To validate the braking system model, we systematically compare field test data and simulation results for Scenarios #1, #2, and #14, as illustrated in Fig. 4. Directly comparing field test data with simulation is challenging due to variations in drivers; the truck was operated by a human driver in the field test, while a driver model controlled the truck in the simulation. However, our primary focus is on ensuring the consistency of the braking limit point during downhill driving under the same gradient road conditions.

In both the field tests and simulation, the order of brake demand distribution was regenerative brake first, followed by the retarder, and then the disc brake. If a brake in priority reaches its torque limit, the next one is engaged. In Scenarios #1 and #2, all three brake systems were activated, whereas in Scenario #14, the retarder was intentionally deactivated to simulate a retarder failure case. Consequently, Scenario #14 underscores the predominant engagement of the primary braking system, surpassing the braking limit point.

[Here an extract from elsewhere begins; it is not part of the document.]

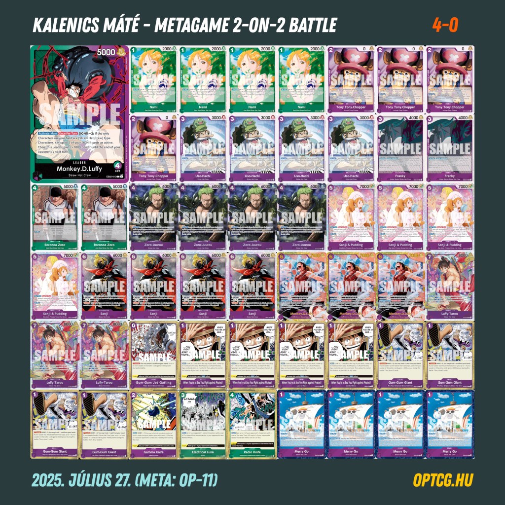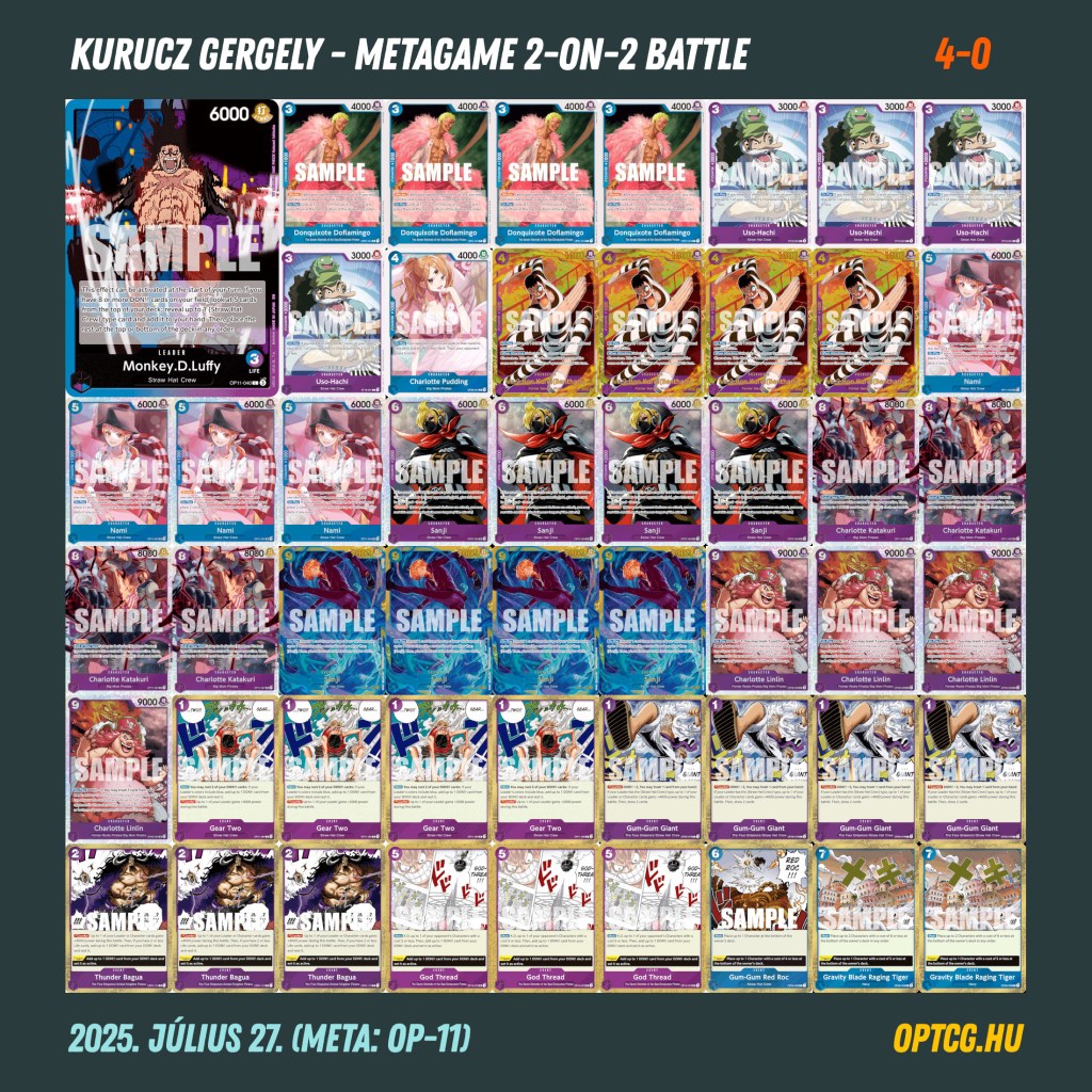 A négyfordulós versenyen a Kalenics Máté (GP Luffy), Kurucz Gergely (UP Luffy) páros megállíthatatlannak bizonyult, mindketten behúzták mind a négy meccsüket, így maximális, 20 pontos eredménnyel nyerték meg a versenyt (Kurucz Gergely ezzel duplázott a formátumon, ezúttal új párral az oldalán). Mögöttük szoros eredmény született a további díjazott helyekért, 1-1 pont választotta csak el egymástól a csapatokat, ami pedig mindenképpen említésre méltó, hogy a 10 játékos 9 különböző paklit forgatott.

Figure 5 demonstrates the consistency of the proposed model in terms of the distance to the brake operational limit caused by temperature or SOC constraints. Across several scenarios, the model’s distance to the brake limit exhibits a very high correlation. These robust findings affirm the effectiveness of the proposed modeling approach.

5 Conclusion

This paper presents an approach utilizing field test data to model the braking system of fuel cell heavy-duty trucks when internal details are unavailable. It models the primary braking system (air disc brake) and auxiliary systems (regenerative braking and retarder). Specific models for disc temperature, SOC, and retarder oil temperature, representing braking limit points, are developed. Validation against field test data confirms the simulation model’s accuracy in forecasting braking limit points to be over 99%. The proposed method allows for advanced forecasting of braking performance in fuel cell heavy-duty trucks based on design specification changes, optimizing vehicle stability and efficiency through simulation.